Assignment
Directions for the data below: repeat exactly the lines from the one with "عسل البرتقال مهدئ" through the one with "2025-01-11 03:47:18 DEBUG", both included, and omit all pictures.

Source material
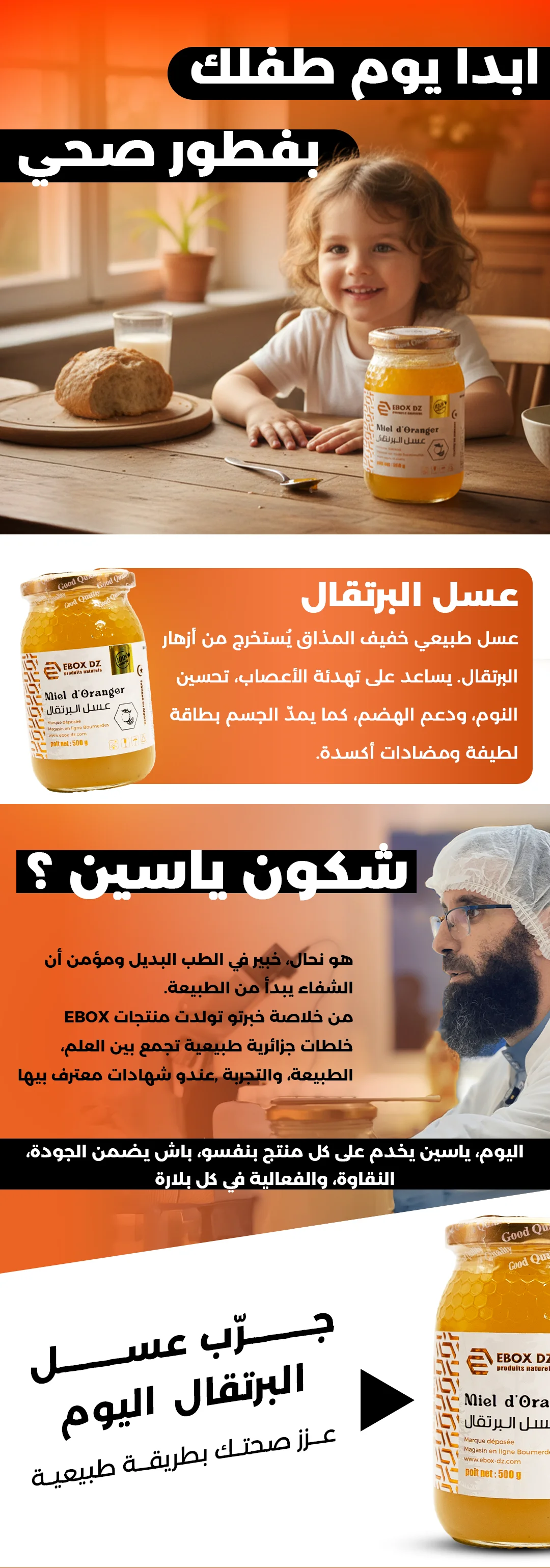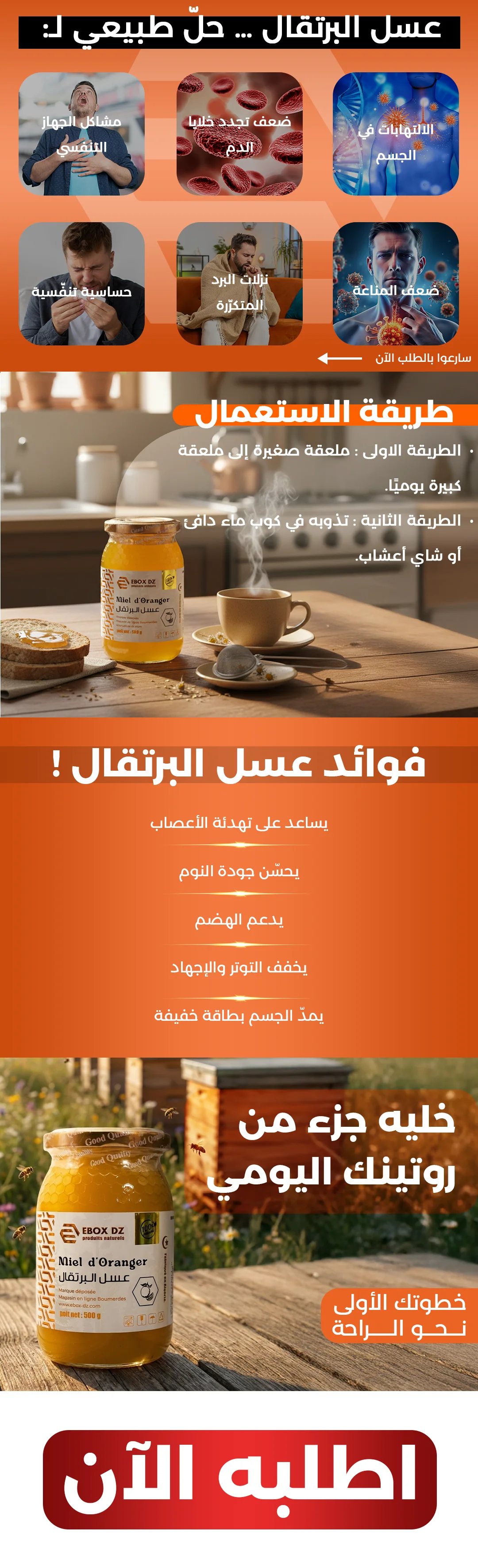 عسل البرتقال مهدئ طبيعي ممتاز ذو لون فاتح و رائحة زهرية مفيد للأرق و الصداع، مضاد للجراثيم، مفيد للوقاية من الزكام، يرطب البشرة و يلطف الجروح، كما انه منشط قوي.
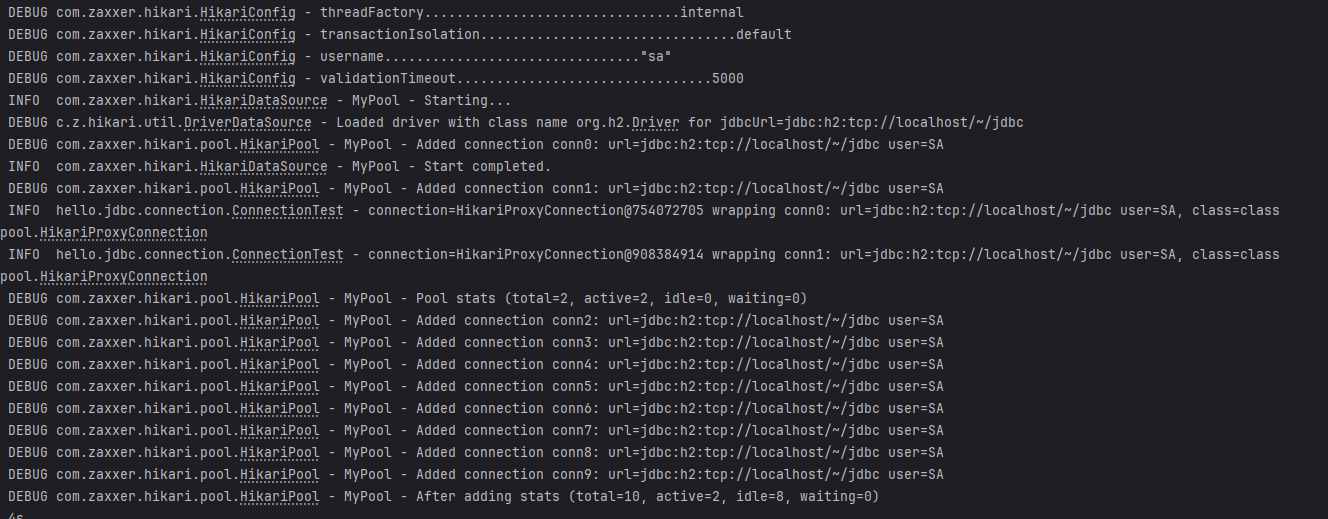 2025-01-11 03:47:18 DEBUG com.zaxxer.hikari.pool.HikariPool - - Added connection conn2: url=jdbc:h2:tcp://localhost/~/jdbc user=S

* * *

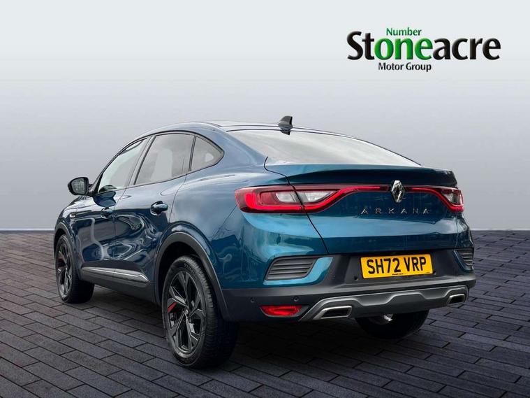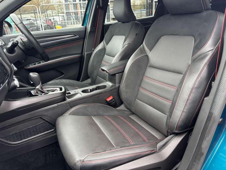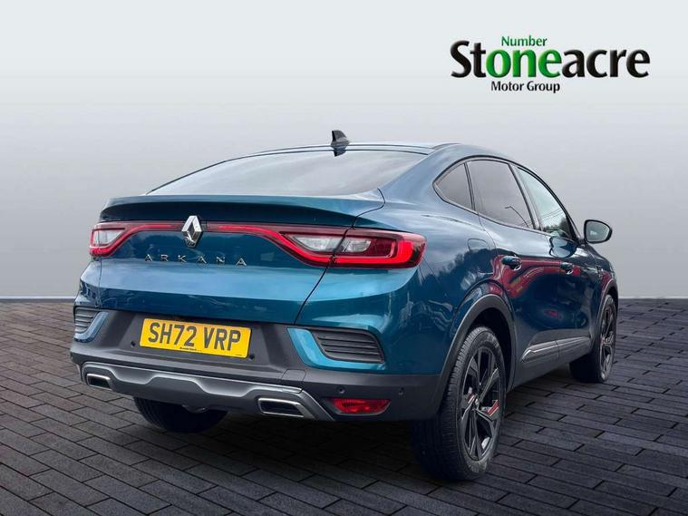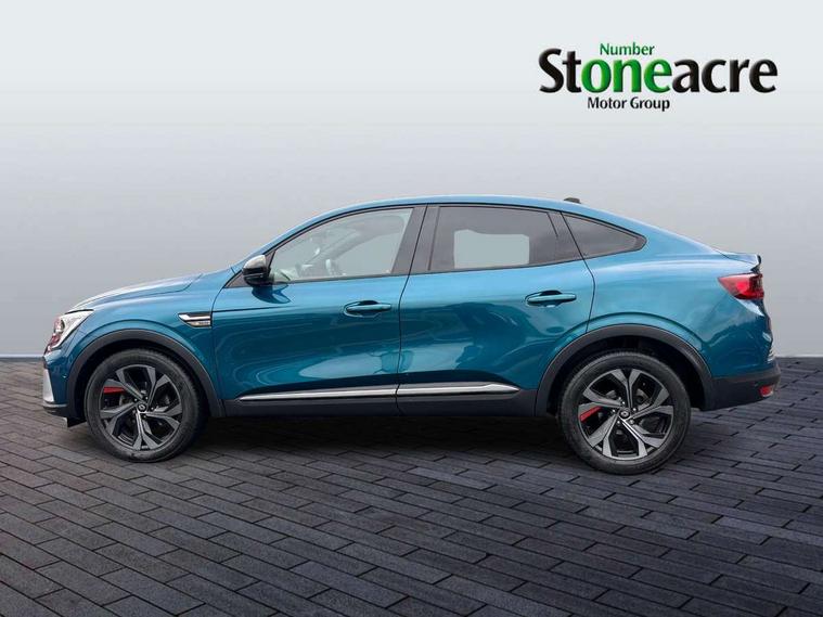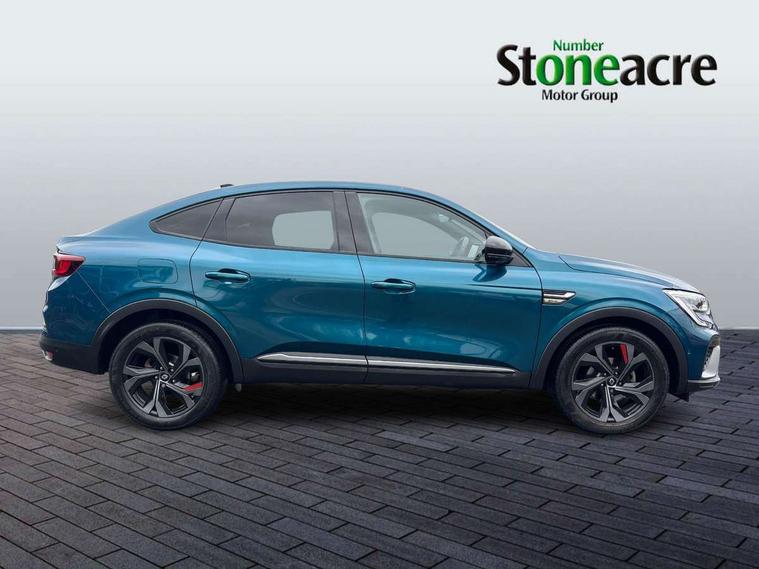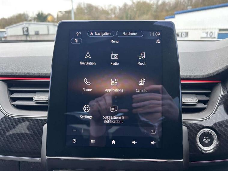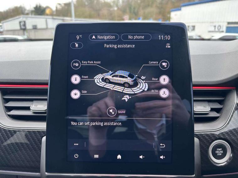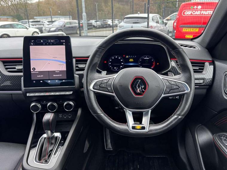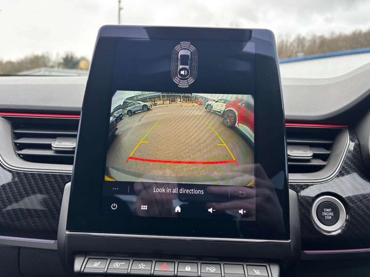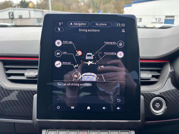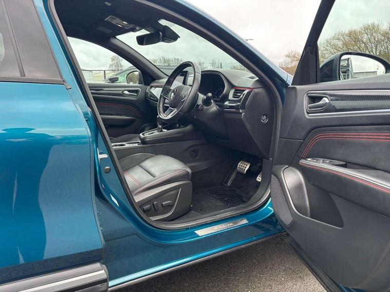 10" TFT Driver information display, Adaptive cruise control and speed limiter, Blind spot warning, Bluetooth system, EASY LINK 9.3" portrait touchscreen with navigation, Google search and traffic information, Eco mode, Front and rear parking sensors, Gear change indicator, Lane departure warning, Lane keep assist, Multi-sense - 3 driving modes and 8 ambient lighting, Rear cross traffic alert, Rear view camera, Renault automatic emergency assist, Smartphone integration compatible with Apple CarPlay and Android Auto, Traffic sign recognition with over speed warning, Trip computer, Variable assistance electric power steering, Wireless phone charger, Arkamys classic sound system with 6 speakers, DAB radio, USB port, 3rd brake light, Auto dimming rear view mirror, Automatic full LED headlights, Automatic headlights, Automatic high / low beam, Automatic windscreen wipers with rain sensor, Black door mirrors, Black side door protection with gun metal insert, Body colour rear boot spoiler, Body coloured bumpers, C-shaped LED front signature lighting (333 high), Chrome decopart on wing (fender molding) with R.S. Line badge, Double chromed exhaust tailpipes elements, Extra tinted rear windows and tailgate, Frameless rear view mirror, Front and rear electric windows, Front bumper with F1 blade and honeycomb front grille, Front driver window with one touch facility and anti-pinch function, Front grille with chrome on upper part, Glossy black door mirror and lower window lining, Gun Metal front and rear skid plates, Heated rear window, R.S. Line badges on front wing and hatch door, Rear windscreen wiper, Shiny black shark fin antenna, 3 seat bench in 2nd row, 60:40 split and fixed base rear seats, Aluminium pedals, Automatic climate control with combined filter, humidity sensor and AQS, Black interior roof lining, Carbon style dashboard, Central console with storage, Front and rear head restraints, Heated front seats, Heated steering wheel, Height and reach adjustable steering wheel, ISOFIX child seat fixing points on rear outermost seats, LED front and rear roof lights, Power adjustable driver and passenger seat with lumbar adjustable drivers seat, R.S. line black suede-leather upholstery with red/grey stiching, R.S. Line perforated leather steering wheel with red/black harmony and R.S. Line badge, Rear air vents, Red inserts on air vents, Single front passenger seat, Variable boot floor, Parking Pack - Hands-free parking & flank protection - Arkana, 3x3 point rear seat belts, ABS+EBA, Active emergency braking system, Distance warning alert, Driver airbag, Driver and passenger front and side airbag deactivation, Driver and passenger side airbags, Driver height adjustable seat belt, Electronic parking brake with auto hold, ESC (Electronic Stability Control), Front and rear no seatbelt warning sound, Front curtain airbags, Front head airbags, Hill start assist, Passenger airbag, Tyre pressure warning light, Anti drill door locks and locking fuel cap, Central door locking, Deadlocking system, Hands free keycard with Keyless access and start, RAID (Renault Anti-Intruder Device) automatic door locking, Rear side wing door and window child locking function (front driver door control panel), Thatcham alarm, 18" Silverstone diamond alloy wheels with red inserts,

Task output
 عسل البرتقال مهدئ طبيعي ممتاز ذو لون فاتح و رائحة زهرية مفيد للأرق و الصداع، مضاد للجراثيم، مفيد للوقاية من الزكام، يرطب البشرة و يلطف الجروح، كما انه منشط قوي.
 2025-01-11 03:47:18 DEBUG com.zaxxer.hikari.pool.HikariPool - - Added connection conn2: url=jdbc:h2:tcp://localhost/~/jdbc user=S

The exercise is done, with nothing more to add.